Your instructions >> Your answer must be the full listing below, restated word for word, with no pictures in it.

Source data >>

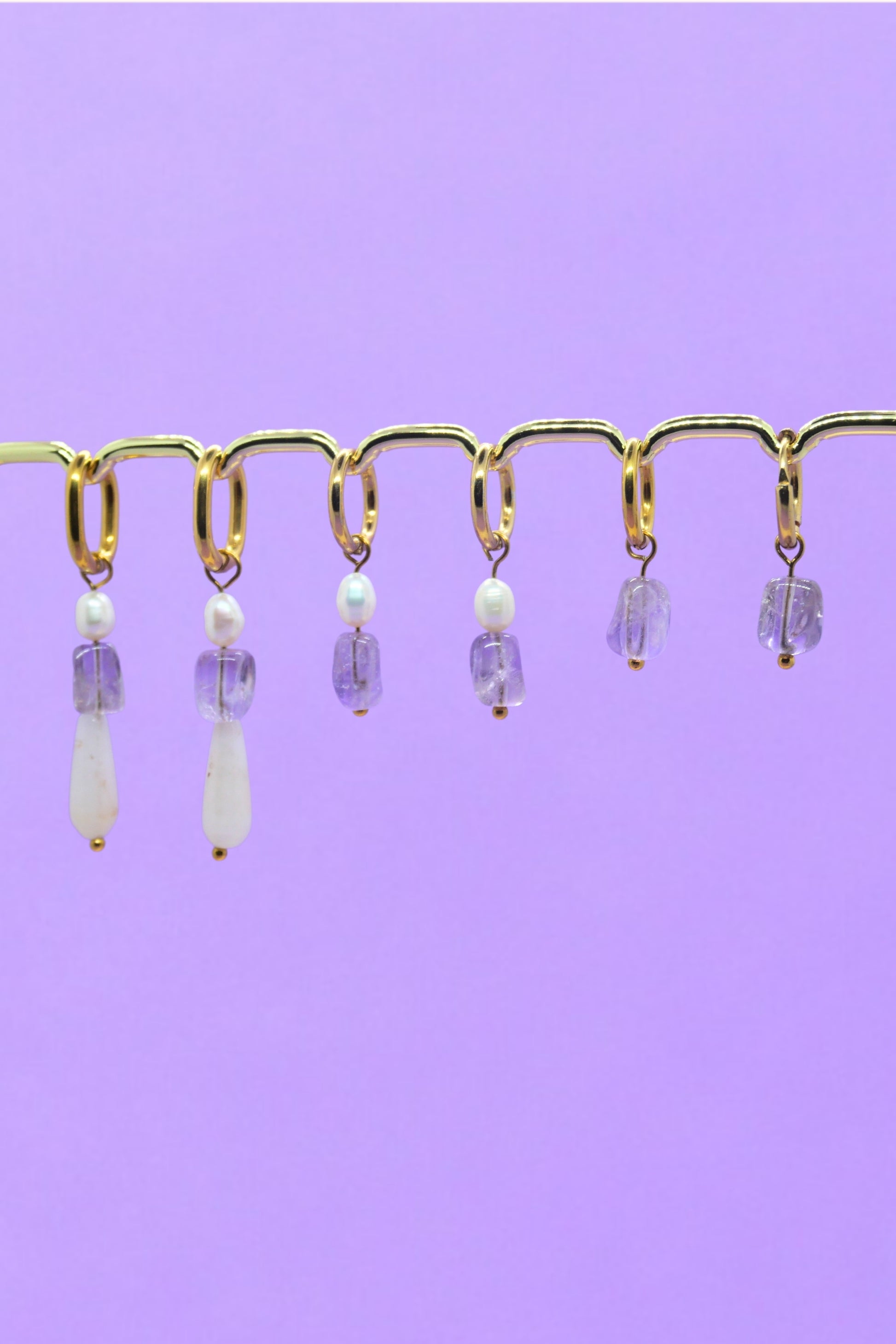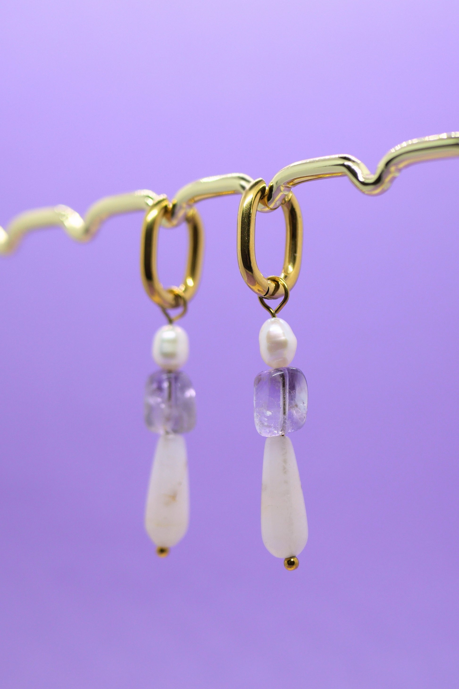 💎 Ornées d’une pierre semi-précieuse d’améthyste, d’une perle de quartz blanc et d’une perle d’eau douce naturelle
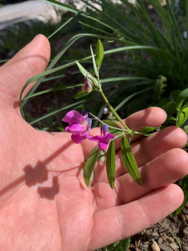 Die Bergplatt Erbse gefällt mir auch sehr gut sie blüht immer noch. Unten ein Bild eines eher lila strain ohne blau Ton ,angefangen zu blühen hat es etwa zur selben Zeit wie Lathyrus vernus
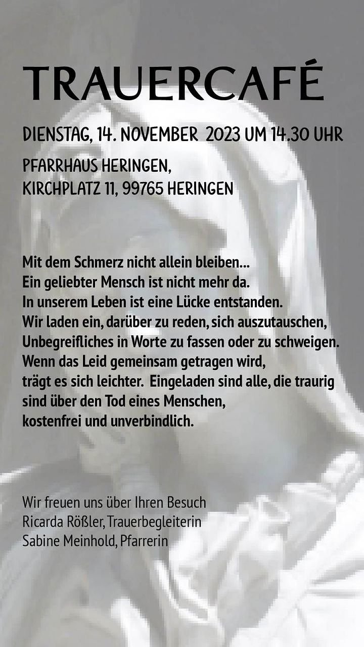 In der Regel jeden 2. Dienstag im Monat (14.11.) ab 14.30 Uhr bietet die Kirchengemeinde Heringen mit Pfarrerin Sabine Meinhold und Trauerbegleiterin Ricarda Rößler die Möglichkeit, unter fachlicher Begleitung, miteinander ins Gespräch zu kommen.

The completed task >>
 💎 Ornées d’une pierre semi-précieuse d’améthyste, d’une perle de quartz blanc et d’une perle d’eau douce naturelle
 Die Bergplatt Erbse gefällt mir auch sehr gut sie blüht immer noch. Unten ein Bild eines eher lila strain ohne blau Ton ,angefangen zu blühen hat es etwa zur selben Zeit wie Lathyrus vernus
 In der Regel jeden 2. Dienstag im Monat (14.11.) ab 14.30 Uhr bietet die Kirchengemeinde Heringen mit Pfarrerin Sabine Meinhold und Trauerbegleiterin Ricarda Rößler die Möglichkeit, unter fachlicher Begleitung, miteinander ins Gespräch zu kommen.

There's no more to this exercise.